STATE OF THE NATION DEBATE/ Mlindi Nhanha

Issued by Mlindi Nhanha – DA Member of the National Council of Provinces
18 Feb 2020 in Speeches

Honourable Speaker/Chairperson Honourable Members,

Fellow South Africans,

In 1969, I was born in the Eastern Cape city of Port Elizabeth, but in 1978 my family moved to Mdantsane (a township outside East London). My father was the first in his family to obtain a Form 1 certificate – if you are old enough, you would know how important it was to have grade 8 at the time. I lived with my parents, six siblings, my grandmother and two other relatives.

In both our stays in Port Elizabeth and Mdantsane, the 12 of us stayed in a four-roomed house like an RDP house (but of course they were of better quality).
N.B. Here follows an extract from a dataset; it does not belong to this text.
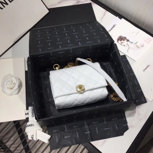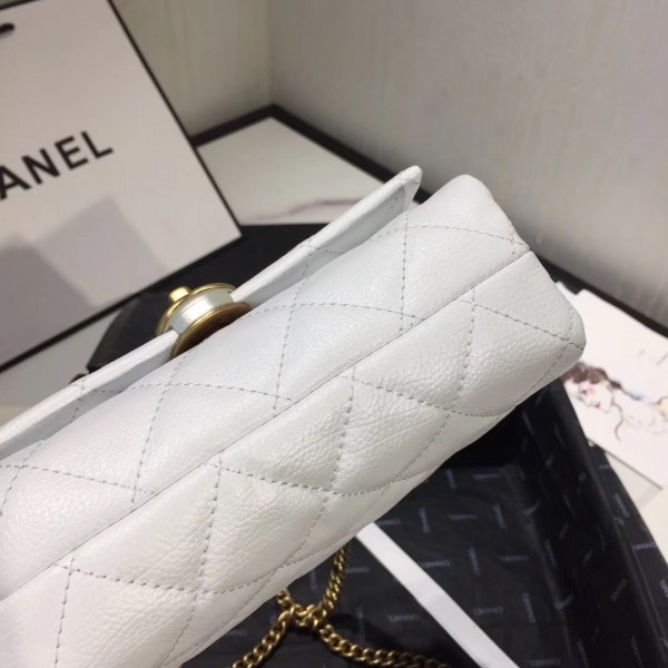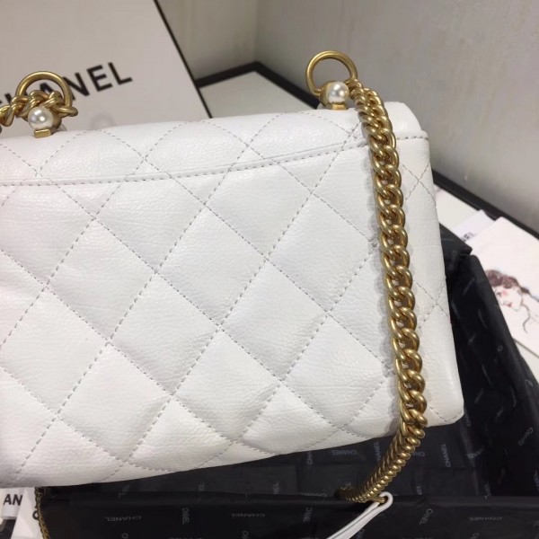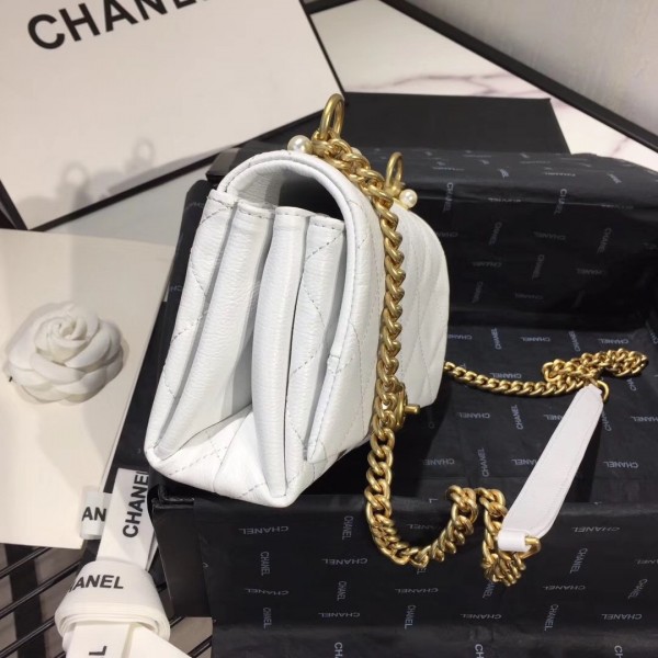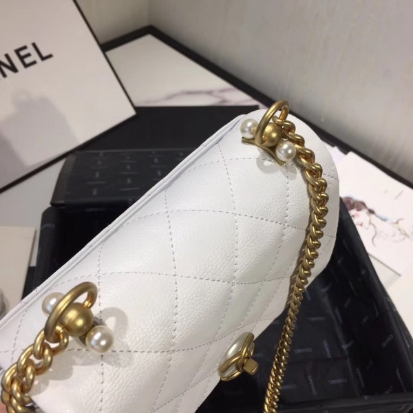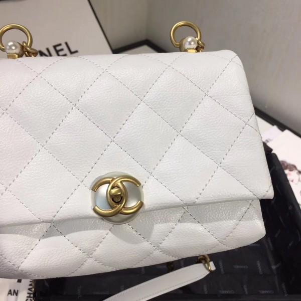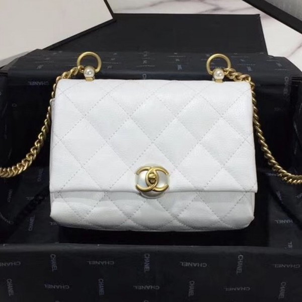 Chanel Quilted Leather Pearl Trim Small Flap Bag AS1170 White 2019 Collection AQ02726

In the evenings, the lounge and kitchen would double up as extra bedrooms. During the holidays and weekends, I  could not sleep past 6am as I was sleeping next to the kitchen door and would be blocking early morning traffic. But what was more painful to my parents was not owning the house they lived in. Instead, they had a 99-year lease.

In 1983 we were on the move again as my father got transferred to Alice. It was in Alice where my father’s dream of owning property became a reality. He bought a three- bedroom house with two outside rooms, a lounge, a dining room and a kitchen.

By our standards this was to us, a mansion, given the four- roomed houses we used to occupy.

Whilst my siblings and I were excited and marveling about the extent of our new home, my father was a

proud and relieved man that he finally could own a property his children could call home.

In case some of you are too young to remember, in November 1959, the Democratic Alliance’s earliest predecessor, the Progressive Party was formed by a group of progressives who left the United Party after the latter in its congress earlier that year passed resolutions that would deny natives civil liberties – amongst those was the right to own land. 

To this day the DA has stood firm in the resolve of its founding fathers. We remain opposed to the proposed constitutional amendment that will give the state sweeping powers to expropriate land without compensation and turn property ownership to long-term leases just like my late father’s.